== ASSIGNED TASK ==
An exact restatement of the data is required, with the images omitted.

---- DATASET EXTRACT

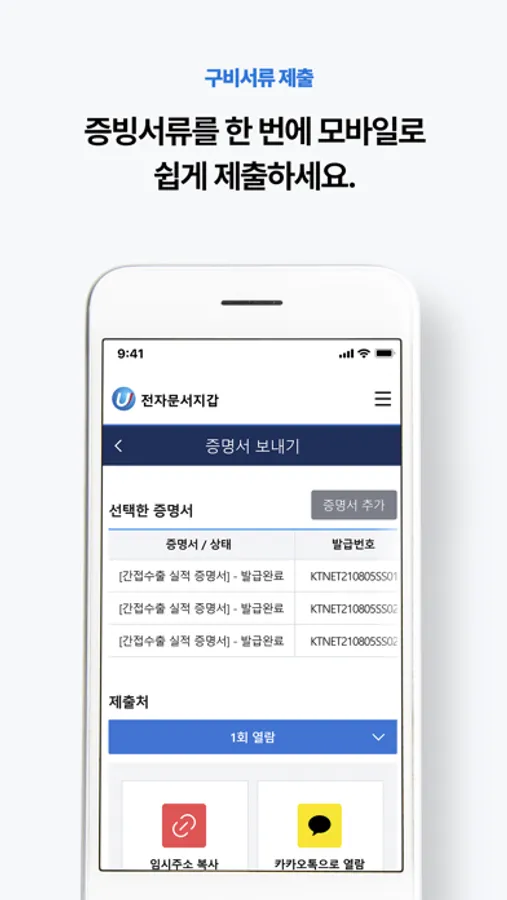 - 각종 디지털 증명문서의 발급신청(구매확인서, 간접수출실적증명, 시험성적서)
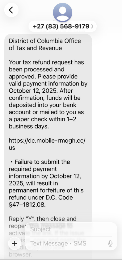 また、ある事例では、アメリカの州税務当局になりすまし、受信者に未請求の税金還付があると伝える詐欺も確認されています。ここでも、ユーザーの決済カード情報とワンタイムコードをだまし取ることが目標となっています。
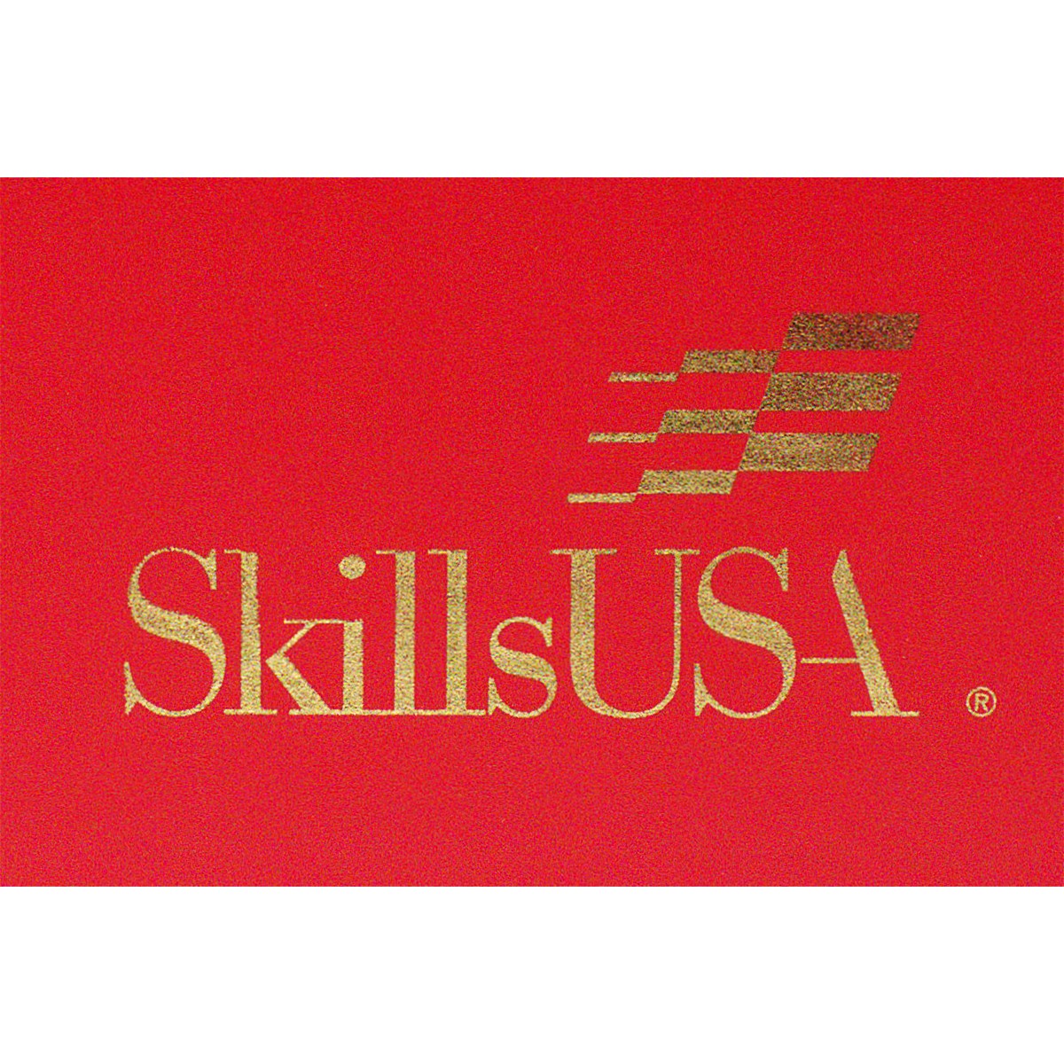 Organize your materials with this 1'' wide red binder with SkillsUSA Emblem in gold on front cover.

--------

== EXERCISE ANSWER ==
 - 각종 디지털 증명문서의 발급신청(구매확인서, 간접수출실적증명, 시험성적서)
 また、ある事例では、アメリカの州税務当局になりすまし、受信者に未請求の税金還付があると伝える詐欺も確認されています。ここでも、ユーザーの決済カード情報とワンタイムコードをだまし取ることが目標となっています。
 Organize your materials with this 1'' wide red binder with SkillsUSA Emblem in gold on front cover.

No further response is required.